Totals (37 cells): with codegraph 40 reads / 21 greps, without 158 reads / 71 greps75% fewer reads, ~70% fewer greps. Codegraph never increased reads in any cell, and the without-arm additionally ran shell find/grep (Bash) and a sub-agent that the with-arm never needed. (74 agent runs, ~$29 total.)

Observations

  • Biggest wins are medium/large backends with a real route→handler→service flow: excalidraw (0R vs 9R/7G), spring-halo (0R vs 9R + 8 Bash), spring-realworld (0R vs 8R), django-realworld (1R vs 8R), aspnet-jellyfin (4R vs 13R + 21 Bash + a spawned sub-agent), aspnet-eshop (0R vs 6R).
  • Without codegraph, large repos make the agent thrash: it falls back to shell find/grep (Bash) and on jellyfin even spawned a sub-agent — exactly the behavior codegraph is meant to prevent.
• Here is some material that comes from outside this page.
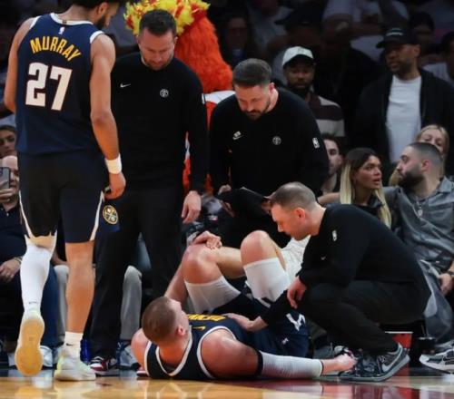 昨天丹佛掘金队跟迈阿密热火队的比赛里,约基奇在上半场就出现了伤病,当时掘金队的琼斯被热火队的哈克斯撞了一下,往后退的时候踩到了约基奇的脚,于是约基奇的膝盖也过度拉伸,受伤退赛。
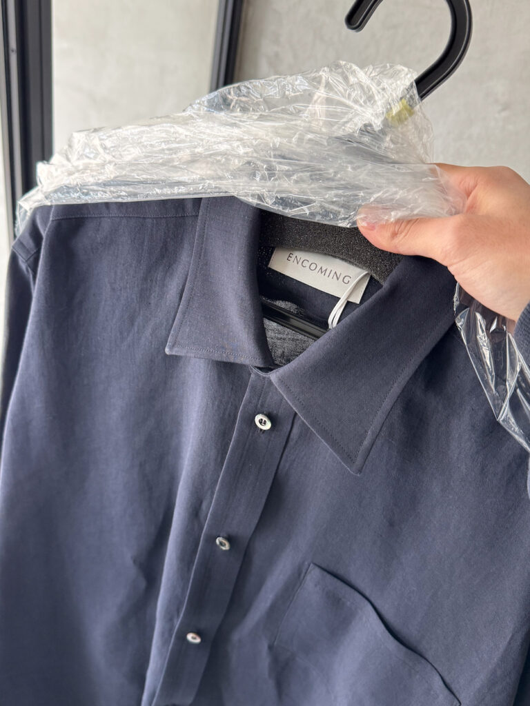 ちなみに個人的にはネイビー推し。またネイビーかいっ!って感じは自分でもするんですけど、意外にもシャツのネイビーはスタイリングでしっくりくるものがこれまで少なく手元に無かったんです。

The with-arm answers those in 2–6 codegraph calls.
  • Tie zone = tiny repos (Dart books 6 files, Kotlin Jetcaster, Ruby forem, Swift spi): the whole flow fits in 1–2 files, so reading is already cheap; codegraph ties on reads and is sometimes a few seconds slower (MCP + index overhead). This matches the design note that codegraph's value scales with repo size.
  • Duration tracks reads on the big repos (jellyfin 61s vs 132s, spring-halo 75s vs 148s, excalidraw 53s vs 98s) and is noise on small ones.
  • Some "with" cells still read 2–4 files (jellyfin, gitness, laravel-firefly, forem) — the residual is the documented frontier (anonymous handlers, deep service chains, dynamic finders); codegraph gets the agent to the right file, then it reads one to confirm a detail.

Coverage note

All 14 README frameworks and every flow-relevant language are validated (see the playbook). The sizes here are by indexed file count; a few languages lack a clean third size in the corpus (Dart/Kotlin = S/M, Scala/Luau = S only, C = L only, C++ = M only) — those cells are omitted rather than faked.

Reproduce

Driver + parser: /tmp/ab-matrix/run.sh (matrix of lang|size|repo|question) and /tmp/ab-matrix/parse-matrix.mjs. Each cell: rm -rf .codegraph && codegraph init -i, then scripts/agent-eval/run-all.sh <repo> "<question>" headless (with = codegraph-only MCP, without = empty MCP), parsed from the stream-json logs.